[[ Supplied information open ]]
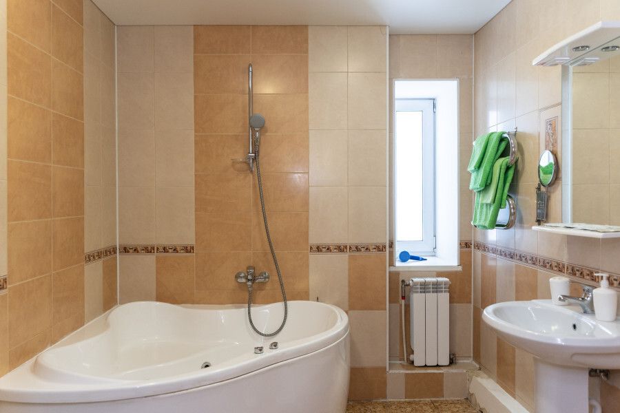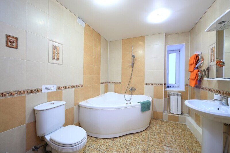 Люкс — двухкомнатный номер с уютной спальней и просторной гостиной. Санузел оснащен джакузи.
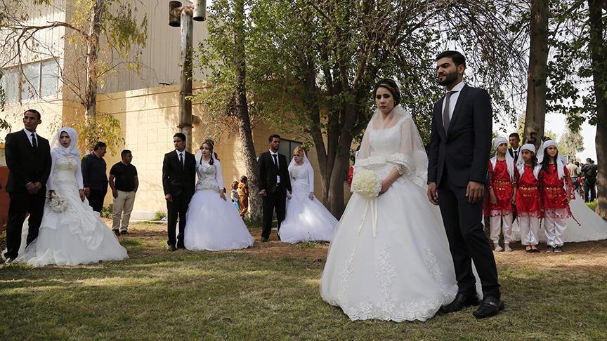 Irak Kürt Bölgesel Yönetimi'nin (IKBY) Erbil kentinde Suriyeliler başta olmak üzere ülkenin çeşitli bölgelerinden gelen 107 sığınmacı çift için toplu düğün töreni düzenlendi.
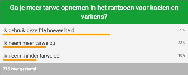 Daarnaast laat 23% van de respondenten weten meer tarwe op te nemen in het rantsoen en laat 18% van de 215 respondenten weten dat er minder tarwe wordt opgenomen in het rantsoen voor koeien en varkens.
[[ Supplied information closed ]]
Except for the pictures, write the data out exactly.

» **Solution**:
 Люкс — двухкомнатный номер с уютной спальней и просторной гостиной. Санузел оснащен джакузи.
 Irak Kürt Bölgesel Yönetimi'nin (IKBY) Erbil kentinde Suriyeliler başta olmak üzere ülkenin çeşitli bölgelerinden gelen 107 sığınmacı çift için toplu düğün töreni düzenlendi.
 Daarnaast laat 23% van de respondenten weten meer tarwe op te nemen in het rantsoen en laat 18% van de 215 respondenten weten dat er minder tarwe wordt opgenomen in het rantsoen voor koeien en varkens.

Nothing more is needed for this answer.